I'm facing a problem during cleaning tweets. I have a process which save tweets in a csv and then I do a pandas dataframe of the data.
x is a tweet from my dataframe :
'b\'RT @LBC: James O\\\'Brien on Geoffrey Cox\\\'s awaited legal advice: "We are waiting for a single unelected expert to tell us whether or not fore\\xe2\\x80\\xa6\''
More tweets :
"b'RT @suzannelynch1: Meanwhile in #Washington... Almost two dozen members of #Congress write to #TheresaMay on eve of #StPatricksDay visit wa\\xe2\\x80\\xa6'
b"RT @KMTV_Kent: #KentTonight Poll:\\nKent\'s MPs will be having their say on Theresa May\'s #Brexit deal today. @SirRogerGaleMP said he\'ll back\\xe2\\x80\\xa6"

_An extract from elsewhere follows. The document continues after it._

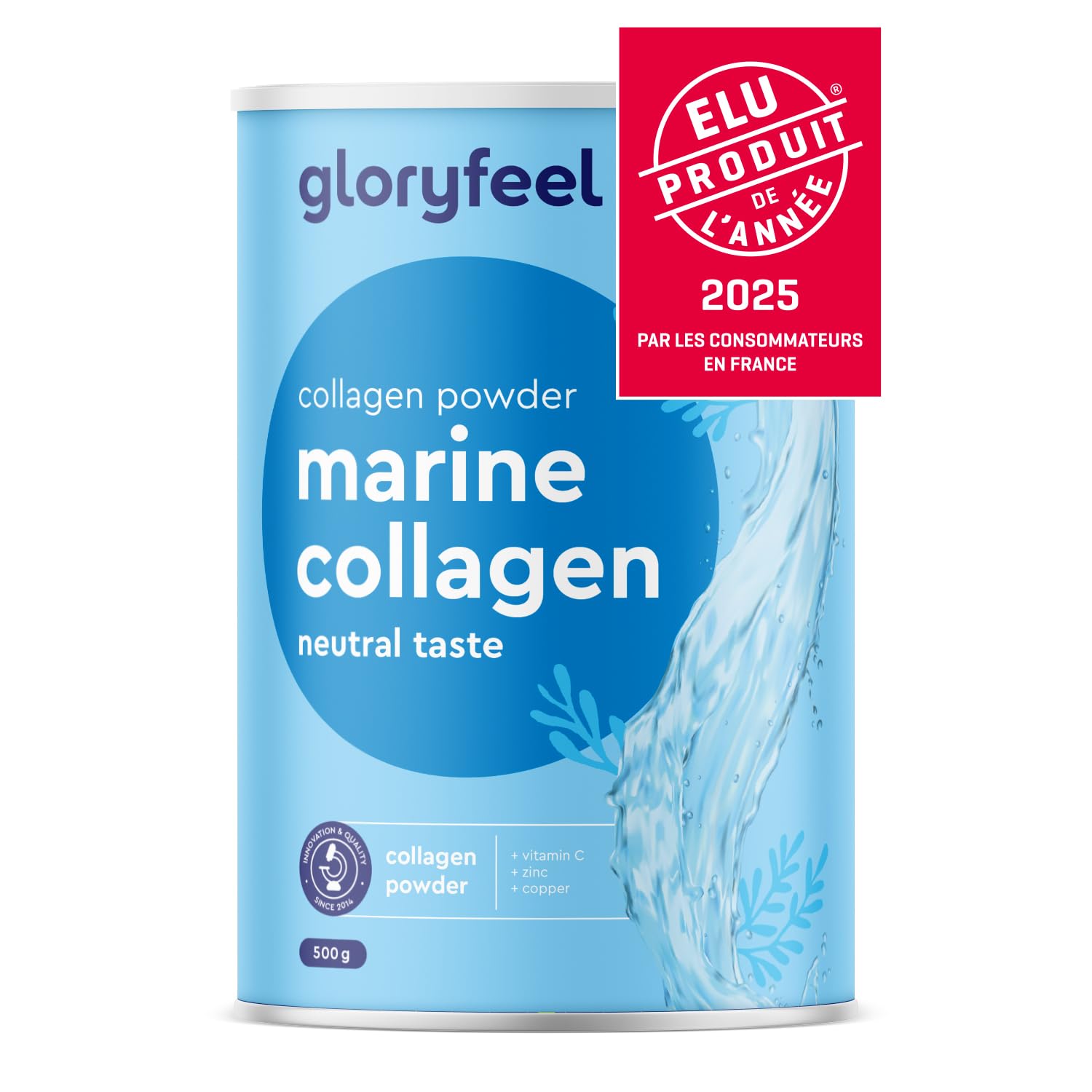 NEW QUALITY AND STABILITY STANDARDS - gloryfeel products are made in Germany and undergo extensive stability testing to maintain consistent quality over a long period of time. Our commitment to exceeding industry standards underlines our leadership in quality assurance. Discover our Certificates of Analysis for greater transparency and confidence. Keep out of reach of children and not recommended for children under 6 years old. ✓ PREMIUM QUALITY, NO UNWANTED ADDITIVES - Our marine collagen powder is made without artificial additives or genetic engineering. No magnesium stearate, no release agents, no flavors, no stabilizers, no lactose, no gluten, and most importantly, no preservatives. WHY COLLAGEN HYDROLYSATE? - Collagen is a protein found in almost all structures of our body, such as skin, connective tissues and tendons. From the age of 25-30, collagen decreases and becomes even more important to ensure elasticity and tissue regeneration. Incorporating collagen after this period is therefore important to maintain its progressive loss. The effects have not been officially confirmed. FOR SOFT JOINTS, SMOOTH SKIN AND HEALTHY HAIR - Our marine collagen is enriched with vitamin C, zinc and copper. According to EFSA, vitamin C contributes to the normal function of bones, skin and cartilage. Zinc maintains nails, hair, skin and the immune system. In combination with copper, it contributes to the maintenance of normal connective tissues. . ?MARINE COLLAGEN POWDER TYPE 1 - Our marine collagen peptide contains 12,500 mg of patented VERISOL hydrolyzed collagen type 1 per dose. The total daily dose is 15g dissolved in 250ml of water, which corresponds to 2 scoops per day. Thanks to its powder form, it is easy to take every day and incorporate into your coffee, smoothies, tea, or juice!NOUVELLES NORMES DE QUALITÉ ET DE STABILITÉ - Les produits gloryfeel sont fabriqués en Allemagne et sont soumis à des tests de stabilité approfondis afin de maintenir une qualité constante sur une longue période. Notre engagement à dépasser les normes de l'industrie souligne notre position de leader en matière d'assurance qualité. Découvrez nos certificats d'analyse pour plus de transparence et de confiance. Conservez hors de portée des enfants et déconseillé aux enfants de moins de 6 ans. ✓ QUALITÉ PREMIUM, SANS ADDITIFS INDÉSIRABLES - Notre poudre de collagène marin est fabriquée sans additifs artificiels ni génie génétique. Pas de stéarate de magnésium, pas d'agents de démoulage, pas d'arômes, pas de stabilisateurs, pas de lactose, pas de gluten et, surtout, pas de conservateurs. POURQUOI L'HYDROLYSAT DE COLLAGENE ? - Le collagène est une protéine présente dans presque toutes les structures de notre corps, comme la peau, les tissus conjonctifs et les tendons. À partir de 25-30 ans, le collagène diminue et devient encore plus important pour assurer l'élasticité et la régénération des tissus. L'incorporation de collagène après cette période est donc importante pour maintenir sa perte progressive. Les effets n'ont pas été officiellement confirmés. POUR DES ARTICULATIONS SOUPLES, PEAU LISSE ET CHEVEUX SAINS - Notre collagene marin est enrichi avec de la vitamine C, zinc et cuivre. Selon l'EFSA, la vitamine C contribue au fonctionnement normal des os, de la peau et du cartilage. Le zinc maintient les ongles, les cheveux, la peau et le système immunitaire. En combinaison avec le cuivre, il contribue au maintien de tissus conjonctifs normaux. . ?COLLAGENE MARIN EN POUDRE TYPE 1 - Notre peptide de collagène marin contient 12 500 mg de collagène hydrolysé breveté VERISOL de type 1 par dose. La dose journalière totale est de 15 g dissous dans 250 ml d'eau, ce qui correspond à 2 dosettes par jour. Grâce à sa forme en poudre, il est facile à prendre tous les jours et à incorporer dans votre café, vos smoothies, votre thé ou votre jus !.

The result should looks like that :
James O'Brien on Geoffrey Cox's awaited legal advice: "We are waiting for a single unelected expert to tell us whether or not for'
(Keep hashtags, juste deleting no utf8 caracteres)
I would like to clean this tweet. I tried to use regex with re.sub(my_regex), re.compile ...
Differents regex I tried : ([\U00010000-\U0010ffff],r'@[A-Za-z0-9]+',https?://[A-Za-z0-9./]+)
I also tried like that :
x.encode('ascii','ignore').decode('utf-8')
It doesn't work because of the double backslash, and work when I do :
'to tell us whether or not fore\xe2\x80\xa6'.encode('ascii','ignore').decode('utf-8')
It returns me :
'to tell us whether or not fore'
Does some one know how to clean it ? Many thanks !
see if this helps
a = 'b\'RT @LBC: James O\\\'Brien on Geoffrey Cox\\\'s awaited legal advice: "We are waiting for a single unelected expert to tell us whether or not fore\\xe2\\x80\\xa6\''
chars = re.findall("""[\s"'#]+\w+""",a)
''.join([c for c in chars if c])
Output
James O'Brien on Geoffrey Cox's awaited legal advice: "We are waiting for a single unelected expert to tell us whether or not for'